Information supplied:
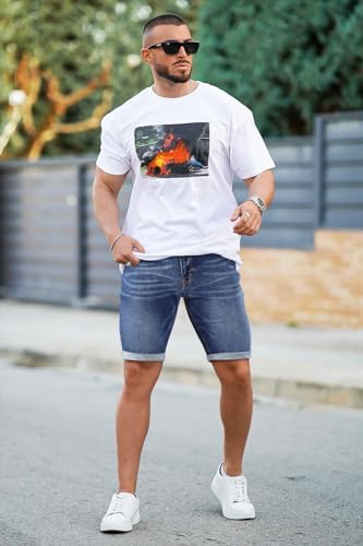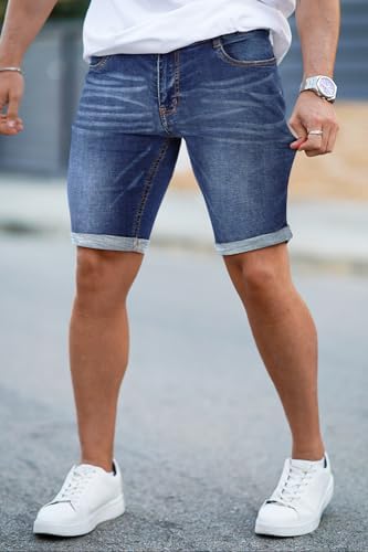 GINGTTO Mens Jean Shorts Slim Fit Denim Shorts Ripped Jeans
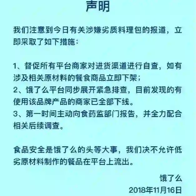 饿了么当日在官方微博发布声明称,在看到有关涉嫌劣质料理包的报道后,饿了么督促所有平台商家对进货渠道进行自查,如有涉及相关原材料的餐食商品立即下架,另外,饿了么平台同步展开紧急排查,目前发现的有使用该品牌产品的商家已全部下线。
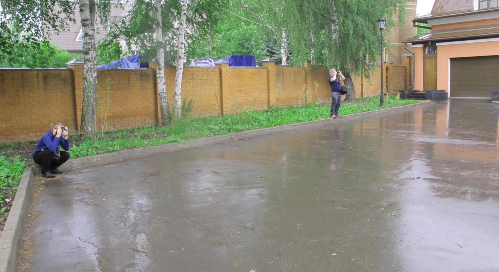На переднем плане изображены фотографы, застигнутые в процессе работы, что подчёркивает необычайную красоту и художественную ценность открывающегося вида. За низким кирпичным ограждением возвышаются белоствольные берёзы, зелёные насаждения которых оттеняют монументальность церковного строения.

What you need to do: Output the data above without changes, apart from leaving out the pictures.

Response for this exercise:
 GINGTTO Mens Jean Shorts Slim Fit Denim Shorts Ripped Jeans
 饿了么当日在官方微博发布声明称,在看到有关涉嫌劣质料理包的报道后,饿了么督促所有平台商家对进货渠道进行自查,如有涉及相关原材料的餐食商品立即下架,另外,饿了么平台同步展开紧急排查,目前发现的有使用该品牌产品的商家已全部下线。
На переднем плане изображены фотографы, застигнутые в процессе работы, что подчёркивает необычайную красоту и художественную ценность открывающегося вида. За низким кирпичным ограждением возвышаются белоствольные берёзы, зелёные насаждения которых оттеняют монументальность церковного строения.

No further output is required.